Information shown -
○ ○ ○ ○ ○
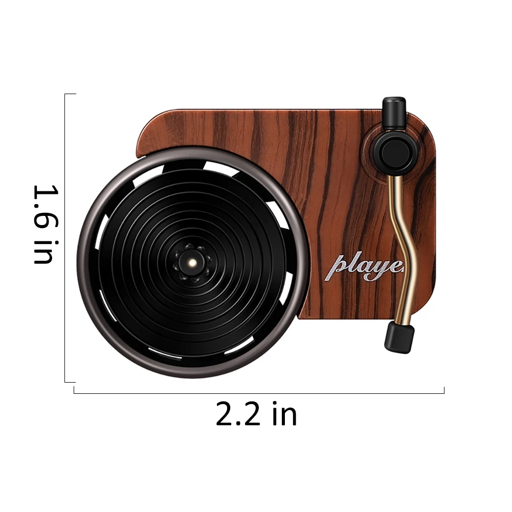 *4.The aromatherapy clip of the record player is only 2.2 × 2.1 × 1.6 inches (5.6 × 5.5 × 4 cm), small and cute. Weighing only 0.7 ounces (22 grams), the non-slip soft clip will not damage your car.
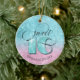 Add a touch of elegance to your room for a Sweet Sixteen with this ceramic ornament featuring a unique decorative font in a trendy retro style, an eye-catching gradient background of glittering teal through pink. The striking number 'Sixteen' in a sparkling teal glitter effect is optional and can be deleted to use the template for other occasions. Use the provided template to add a celebrants name and birthdate. Search ID675 to see other products and colour options for this design.
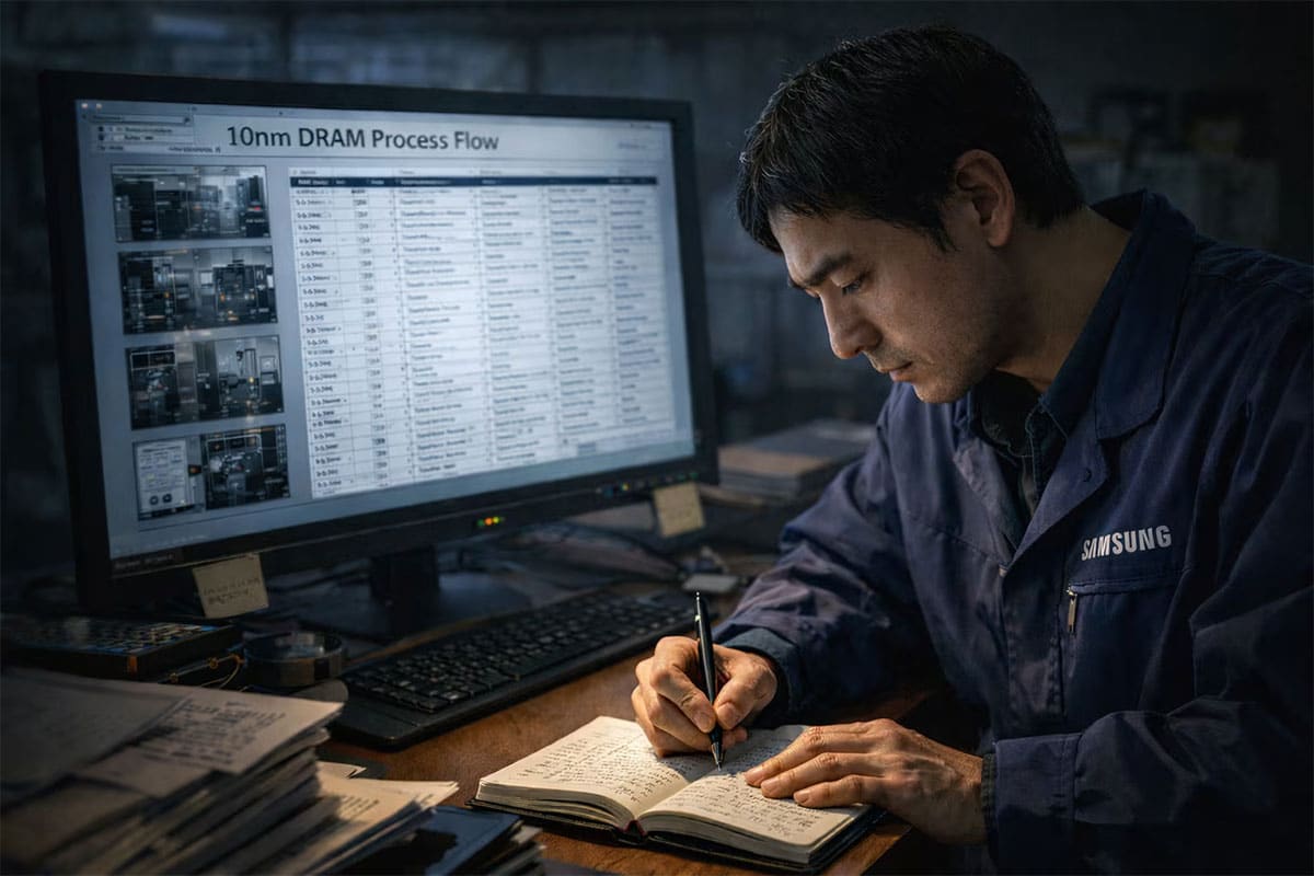 Theo hồ sơ vụ án, trong một đêm làm việc muộn tại khu nghiên cứu bán dẫn của Samsung Electronics, nghiên cứu viên ký hiệu A đã tiếp cận tài liệu “thông tin quy trình DRAM cấp 10 nanomet”. Đây là bộ tài liệu mô tả quy trình sản xuất DRAM với gần 600 công đoạn, bao gồm tên từng bước, thiết bị sử dụng và các thông số vận hành chi tiết. Trong ngành bán dẫn, tập tài liệu này được gọi là PRP (Process Recipe Plan) và được xem là phần cốt lõi nhất của công nghệ sản xuất bộ nhớ, không thể tái tạo trong thời gian ngắn chỉ bằng tiền hay tuyển dụng nhân sự.
○ ○ ○ ○ ○
All of the lines above should be copied exactly, apart from the pictures.

 *4.The aromatherapy clip of the record player is only 2.2 × 2.1 × 1.6 inches (5.6 × 5.5 × 4 cm), small and cute. Weighing only 0.7 ounces (22 grams), the non-slip soft clip will not damage your car.
 Add a touch of elegance to your room for a Sweet Sixteen with this ceramic ornament featuring a unique decorative font in a trendy retro style, an eye-catching gradient background of glittering teal through pink. The striking number 'Sixteen' in a sparkling teal glitter effect is optional and can be deleted to use the template for other occasions. Use the provided template to add a celebrants name and birthdate. Search ID675 to see other products and colour options for this design.
 Theo hồ sơ vụ án, trong một đêm làm việc muộn tại khu nghiên cứu bán dẫn của Samsung Electronics, nghiên cứu viên ký hiệu A đã tiếp cận tài liệu “thông tin quy trình DRAM cấp 10 nanomet”. Đây là bộ tài liệu mô tả quy trình sản xuất DRAM với gần 600 công đoạn, bao gồm tên từng bước, thiết bị sử dụng và các thông số vận hành chi tiết. Trong ngành bán dẫn, tập tài liệu này được gọi là PRP (Process Recipe Plan) và được xem là phần cốt lõi nhất của công nghệ sản xuất bộ nhớ, không thể tái tạo trong thời gian ngắn chỉ bằng tiền hay tuyển dụng nhân sự.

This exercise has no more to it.